The jury’s award is added to the $4.1 million in compensatory damages the jury awarded to the parents of Jesse Lewis, who was among the 26 killed in the massacre, on Thursday. Jones already had been found liable in the parents’ defamation case, as they claimed that the Infowars host’s contention that Sandy Hook was a “false flag” operation subjected them to death threats and harassment.
Jones was not present in the courtroom when the verdict was read. He faced the parents earlier in the week, and has acknowledged that the Sandy Hook massacre was “100% real.” But Jones also was confronted by their attorney with some of Infowars recent attacks on the judge and his own characterization of the jury as “extremely blue collar folks.”
Jones faces two other damages trials brought by parents of Sandy Hook victims.
PREVIOUSLY, August 4: Alex Jones will have to pay at least $4.1 million in damages to the parents of one of the 6-year-old victims in the 2012 Sandy Hook Elementary School shooting, a jury decided on Thursday.

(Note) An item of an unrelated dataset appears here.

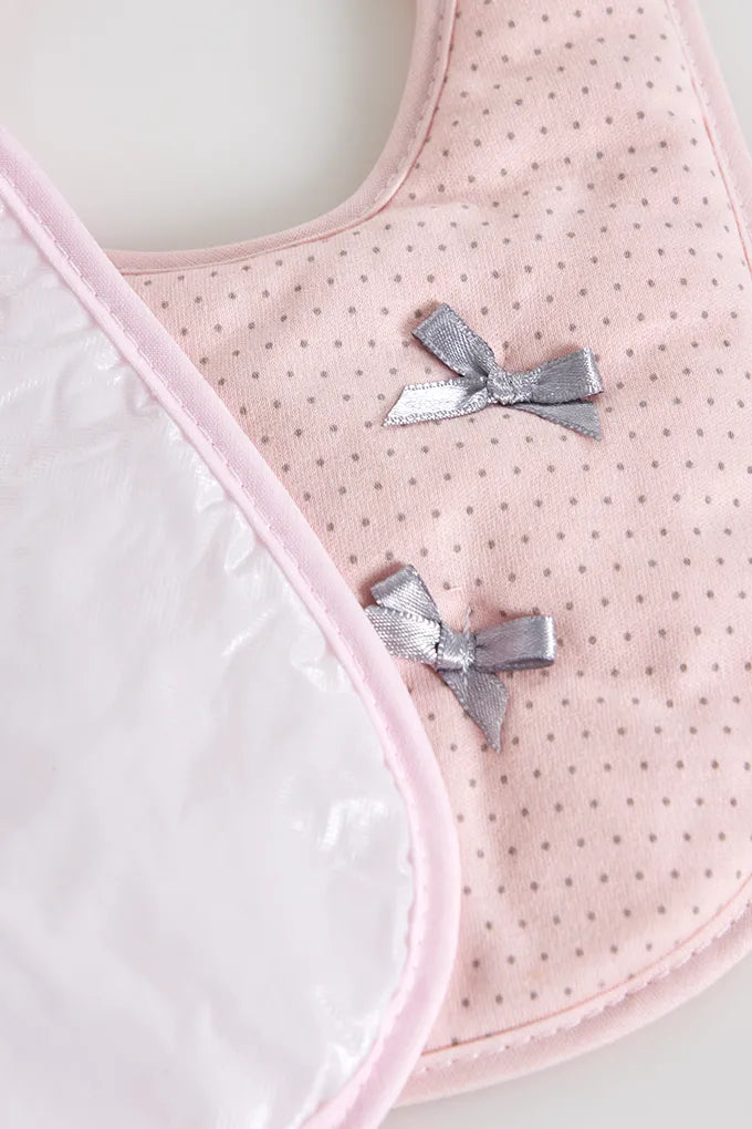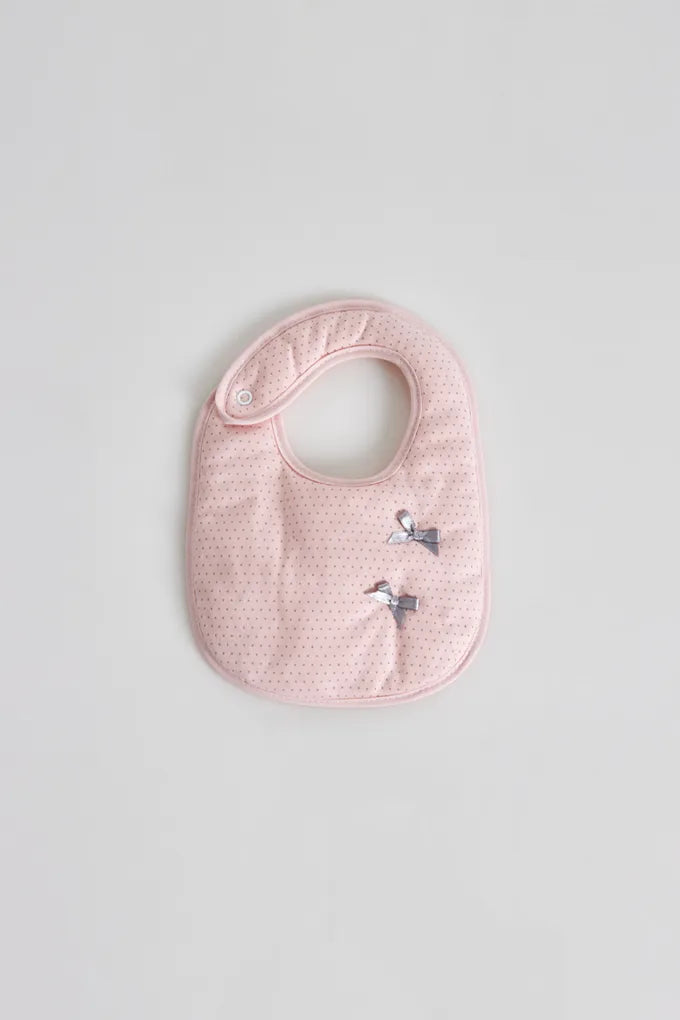 Babetes plastificadas, em tecido de algodão, com aplicações estampadas de pintas e um laçinho. Vies colorido.

Jones, the conspiracy theorist behind Infowars, already lost his defamation lawsuit, and the jurors in the Texas case were trying to determine how much he owed in compensatory damages to Scarlett Lewis and Neil Heslin, whose 6-year-old son Jesse was among the 26 killed in the massacre. Jurors will now move on to the next phase of the proceedings to decide on how much to award in punitive damages.
After Jones trafficked in the false claim that Sandy Hook was a false flag operation, the parents said that they then faced death threats and ongoing harassment. They had sought $150 million in damages.
The televised trial this week put Jones face to face with the parents, as they testified to the harm caused by his claims that the school shootings were a hoax. Jones, on the stand over two days, said that he now believes that Sandy Hook was “100% real,” while trying to push back on the idea that he was an ongoing denier of what happened.
But on Wednesday, Jones faced rigorous cross examination from the parents’ attorney, Mark Bankston. Bankston revealed to Jones that his attorneys had accidentally sent him two years’ worth of his text messages and emails.
Bankston told the court on Thursday that the January 6th Committee has requested those messages. Jones, who championed the false claim that the 2020 presidential election was stolen from Donald Trump, was deposed as part of the January 6th Committee investigation. The judge in the case, Maya Guerra Gamble, denied a defense motion to seal the records and declare a mistrial.
Jones faces a damages trial in another case in Connecticut filed by a group of Sandy Hook families, as well as another case in Texas, where his company is based.
During the most recent trial, the parents’ attorney also confronted Jones with recent Infowars attacks on Gamble as well as Jones’ own characterization of the jury as “extremely blue collar folks.”